Brief:
From the entries below, say how many lines carry the word "example", and give nothing but the number.
[Opening Supplied records section]
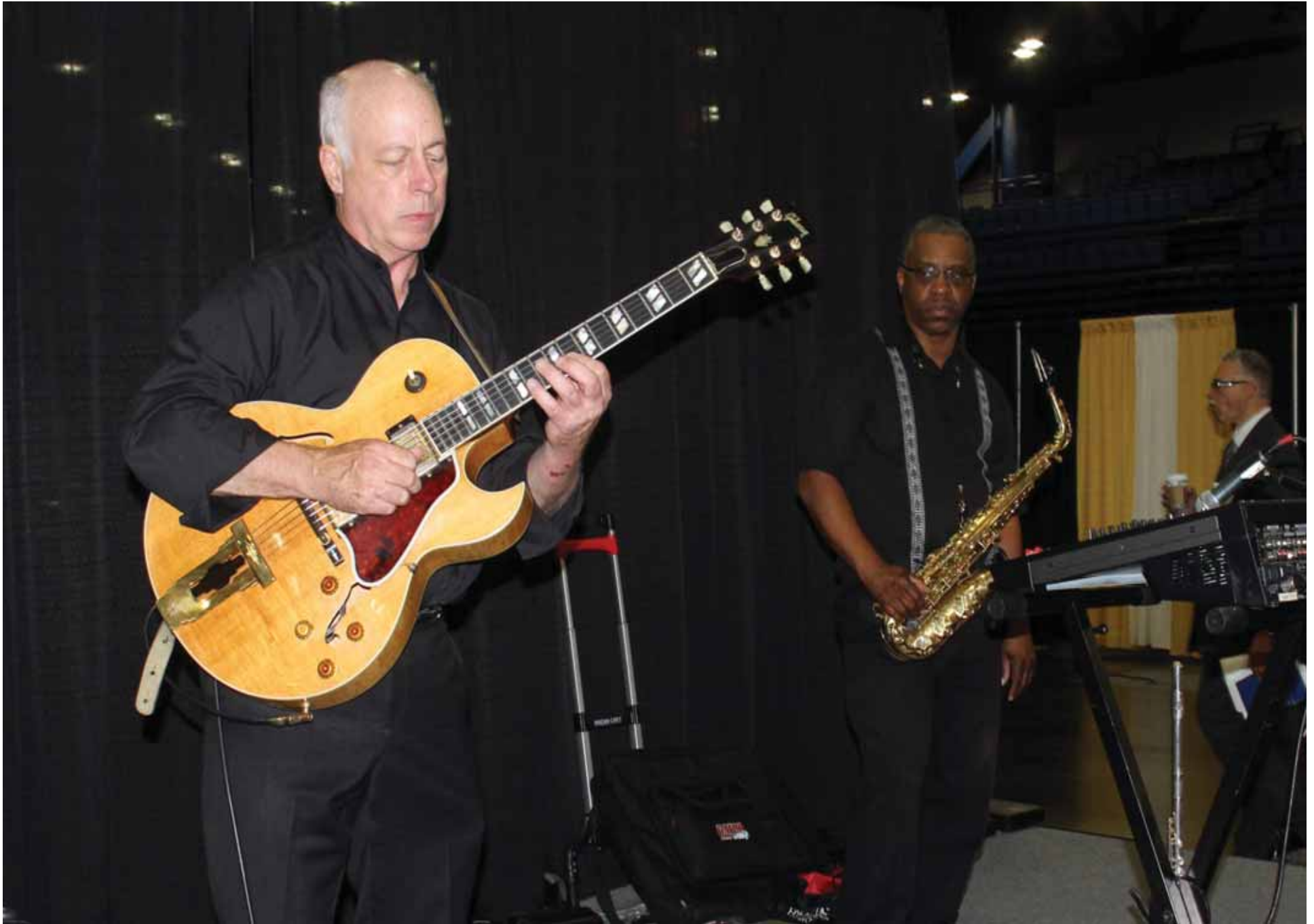
Music was quite good throughout the conference ... this duo performed during Sunday's opening reception.
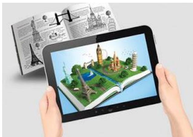
Figure 2 The example of Augmented Reality.

Based on object-tracking techniques, the augment system is divided into 3 types, namely positioning , marker , and markerless augmented reality services. The type of augmented reality positioning system is quite simple in its use. This system uses position as a marker , so it is usually combined with GPS on a smart phone. This type of augmented reality mark system uses techniques to detect markers that have been pre-programmed to be recognized. A marker is in the form of a square with a white background and with several black shades. These two colors are more often used because of the effect of light sensitivity on black and white so that it is easy to detect. This type of marker is commonly referred to as a static marker. But there are abstract forms. Marker types are often also categorized as markerless in the form of complex patterns consisting of writing, drawing, or color. This media enables the students to enrich their vocabularies, and also reading comprehension.
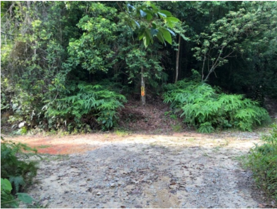
The first major fork in the road.
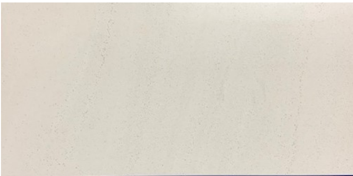
12"x24" floor tile. Polished floor tile.

Call MBE at 269-344-8800 for pricing and availability
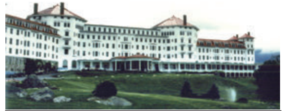
Fig. 26 – Mount Washington Hotel situated in Bretton Woods, US.

The Bretton Woods system inaugurated an era of unprecedented growth of trade and incomes for the Western industrial nations and Japan. World trade grew annually at over 8 per cent between 1950 and 1970 and incomes at nearly 5 per cent. The growth was also mostly stable, without large fluctuations. For much of this period the unemployment rate, for example, averaged less than 5 per cent in most industrial countries.
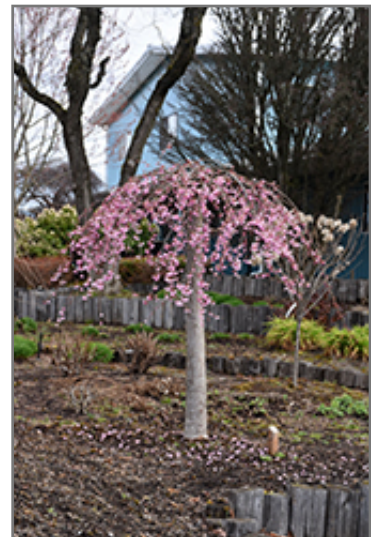
Pink Cascade Weeping Cherry in bloom
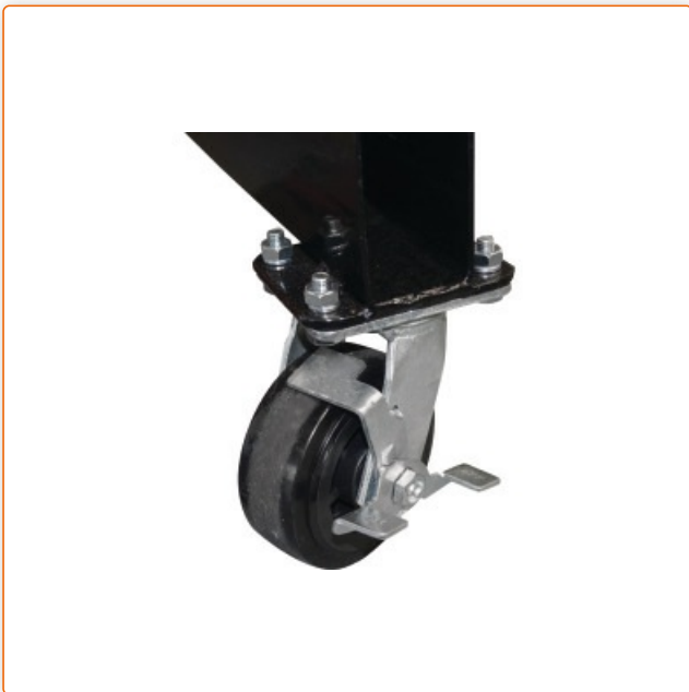
Steering rollers with parking brake
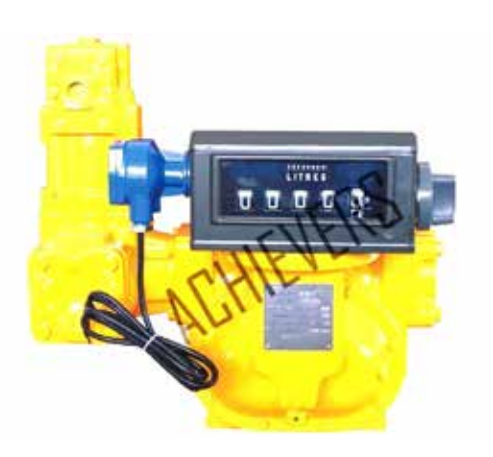
MECHANICAL REGISTER WITH PULSER
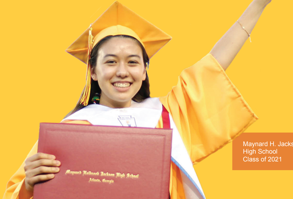
Maynard H. Jackson High School Class of 2021

Georgia Institute of Technology | McCamish Pavilion www.atlantapublicschools.us/gradnation
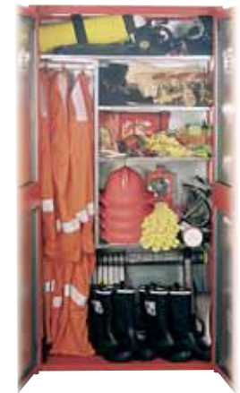
Empty cabinet for fire-fighting accessories.
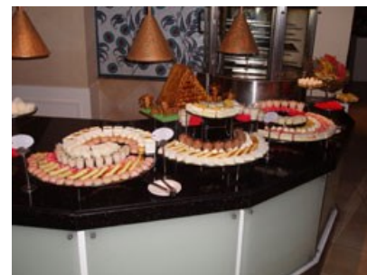
The Mauritian themed night saw this sort of thing laid out; needless to say it didn't seem to last very long before new stocks had to be brought out.

If you're not into long walks interspersed with hitting dimpled balls, then Sugar Beach has a range of alternative activities on land ranging from aerobics to martial arts to Pilates (no, not pirates... Pilates), tennis and yoga, and all aching points between.
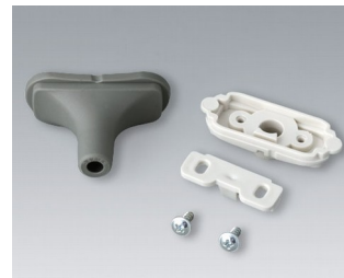
B2911328 Cable gland kit, 0.197" - 0.232" TPE volcano
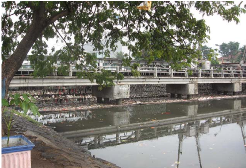
Build-up of solid waste at channel filter installation
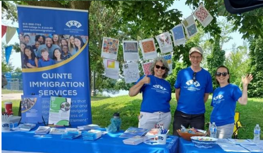
Belleville Waterfront Festival: Multicultural Canvas, July 2024
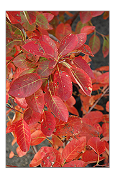
Autumn Brilliance Serviceberry in fall
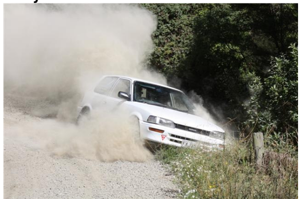
Bad Note Leon?
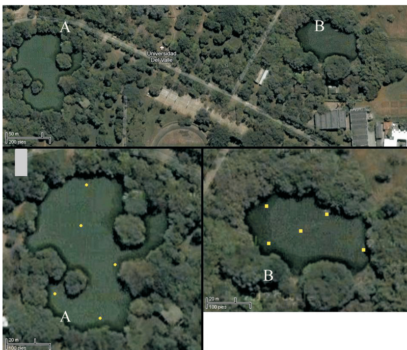
Figure 1 - Satellite image of the lakes and location of the sampling sites. Central Lake (A); Estación Lake (B).

The yeasts were chosen for isolation based on colony morphology. Yeast CFUs were registered for quantitative analysis of yeast occurrence during the third day of incubation. All the isolates were preserved in GPY broth supple-
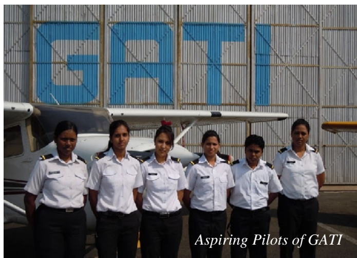
Aspiring Pilots of GATI

GATI (Government Aviation Training Institute) was set up in 1946 to bring about a quantum improvement in the standards of flying and ground training of commercial pilots in the country as Odisha Flying Club. It was merged with the Odisha Government Aviation Department in 1974 and Government Aviation Training Institute (GATI) came into being. Since then, the institute has
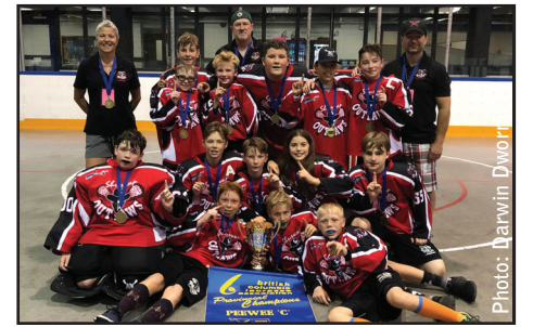
Pee Wee C Gold-Shuswap
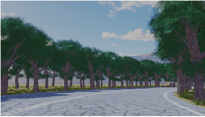
Fig. 1. A screenshot of one of the scenarios set in the suburban setting used to calibrate the driving algorithm based on passengers' reaction.

better attitude towards them, but some resistance to their introduction remains [8].
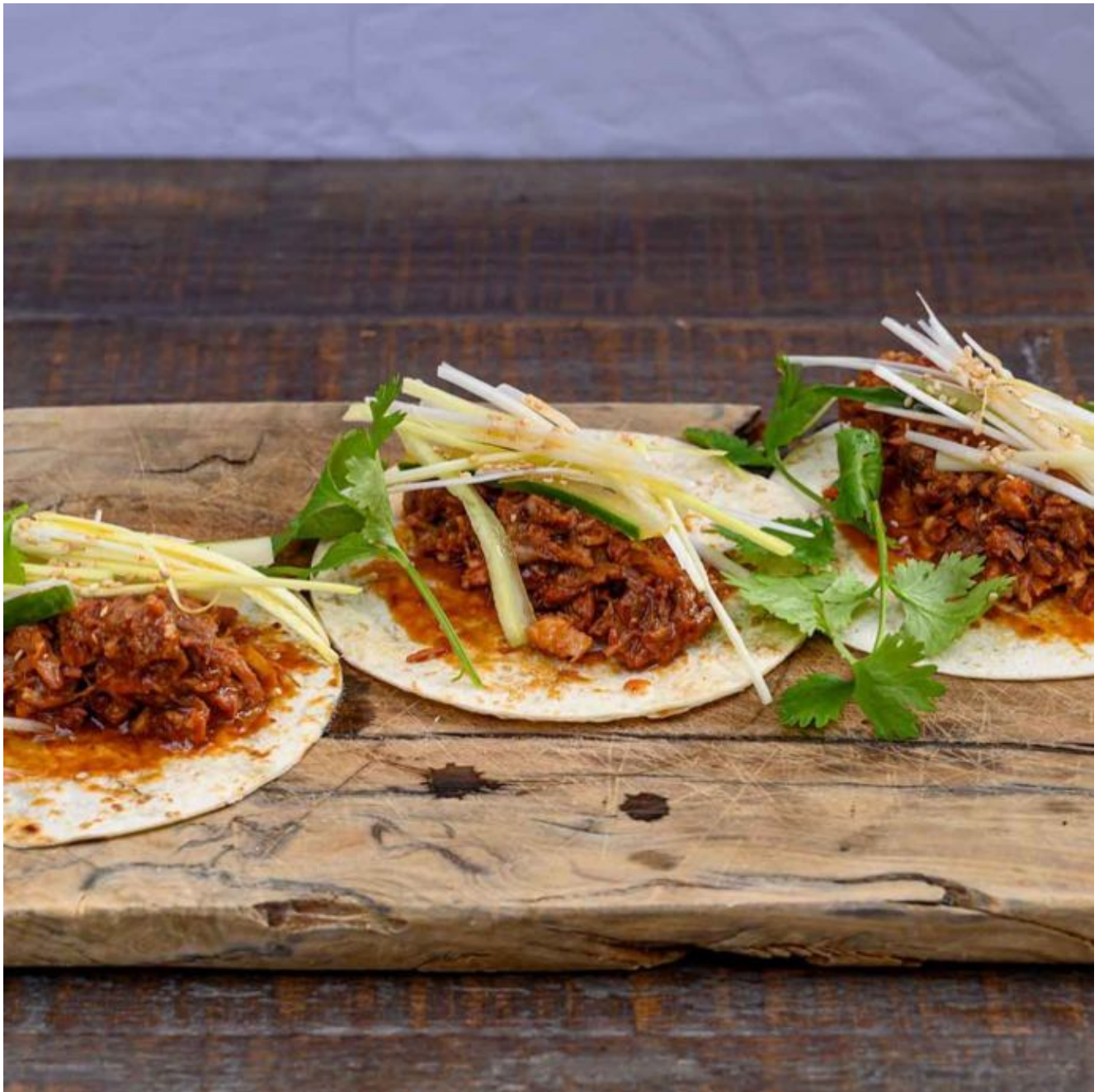
Peking duck tacos

As for the main dish, I have a rule now: “If they name a dish after the restaurant, I eat it.” For many years, I had problems deciding what to order, so I decided to always ask for anything that the restaurant considers deserving of its own name.
[Closing Supplied records section]
Written answer:
2